In the employment department of this great store I stared at the voluminous application-blank given me to fill out. My age, color, nationality, my mother’s maiden name, my father’s profession. Were my parents living or dead. My own personal history for the past ten years. The names and addresses of two property-owners who would vouch for me.
“Ah!” I congratulated myself, on reading this last item. “The superintendent has his eye on you for a good position at a fat salary.”
On returning the paper with all the questions truthfully answered the girl at the window informed me that they would drop me a card in a day or so telling me when to come to work. A glow of satisfied pride swept over me. Who said an unskilled woman had a hard time earning an honest living in New York?
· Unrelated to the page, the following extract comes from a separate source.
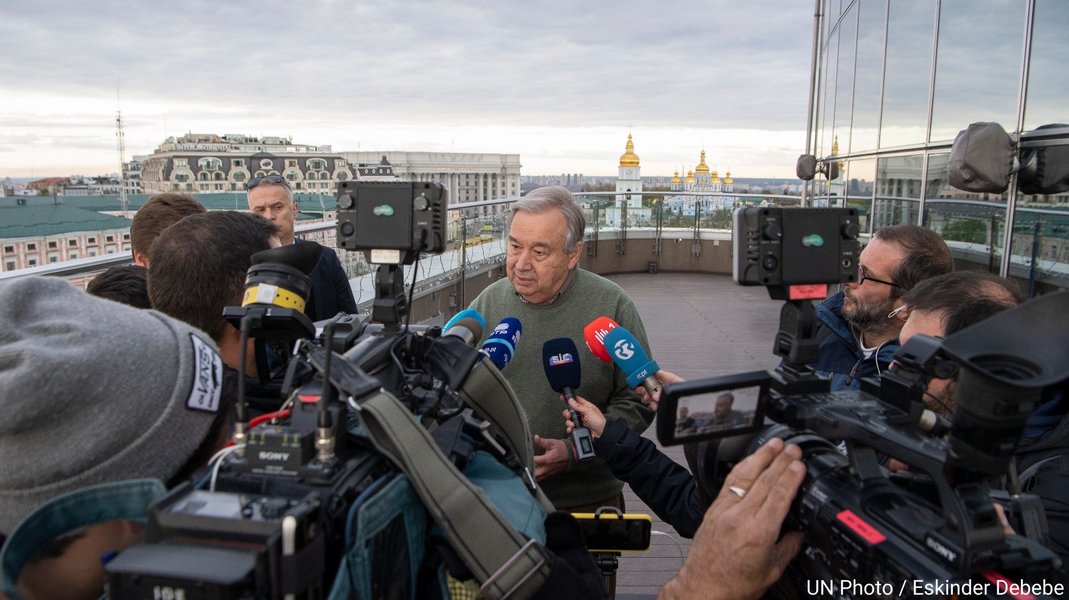 Гутерриш приехал в Украину 27 апреля и успел пообщаться с журналистами в Киеве.

Alice hadn’t found it difficult to get a job at a living wage. I was sure of one. However, no use loafing.
It was past ten o’clock when I applied at a mail-order house advertising for addressers.
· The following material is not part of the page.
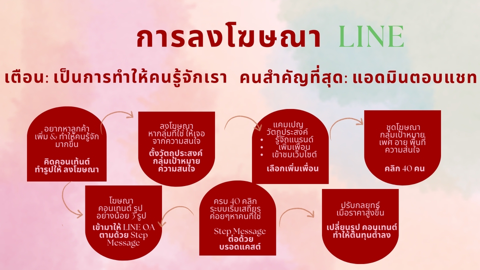฿5,0001.วางแผนการโฆษณาทาง LINE และกลยุทธ์ทางการตลาด 2.การสร้างคอนเทนต์ ตั้งแต่ ตัวเปิด ตัวตาม และตัวปิด การขาย 3.การตั้งค่าข้อความตอบกลับอัตโนมัติ ข้อความตอบกลับ การ์ดแมสเสจ ฯ 4.การทำรูปภาพ คลิป เพื่อทำการโฆษณา 5.การทำ Step Message เพื่อกระตุ้นความอยาก แล้วปิดการขายด้วยโปรโมชั่น 6.ผู้ว่าจ้าง ได้รับคนเพิ่มเพื่อนใน LINE OA มากขึ้น 7.สินค้าได้รับการรับรู้มากขึ้น จากปกติ

“Any experience?” was the only question asked by the kindly little manager.
Who has not addressed envelopes? It proved to be piece-work in a well-lighted, comfortably heated loft. At five o’clock that afternoon I had finished one thousand envelopes and thereby earned one dollar and a quarter—it being three-line work. On leaving the building the problem of where to spend the night faced me. A thought of the municipal lodging-house for women again occurred to me, but recalling that I was a working woman, not an investigator, and as Polly Preston would know nothing about such a place, I pushed the suggestion aside. Returning to the Y. W. C. A., I meekly asked for a bed in a sixty-five-cent room.
My roommate was an oldish young lady who confided to me that she had come from a small town in the Middle West to take a position with the Metropolitan Opera Company. She had no acquaintance with the manager or any member of the company. Indeed I could not learn that she had an acquaintance in New York City. Her confidence was nothing short of sublime. While she might not get a leading rôle, never having studied abroad, she assured me that she had a hunch that she would get an important part—far above the chorus.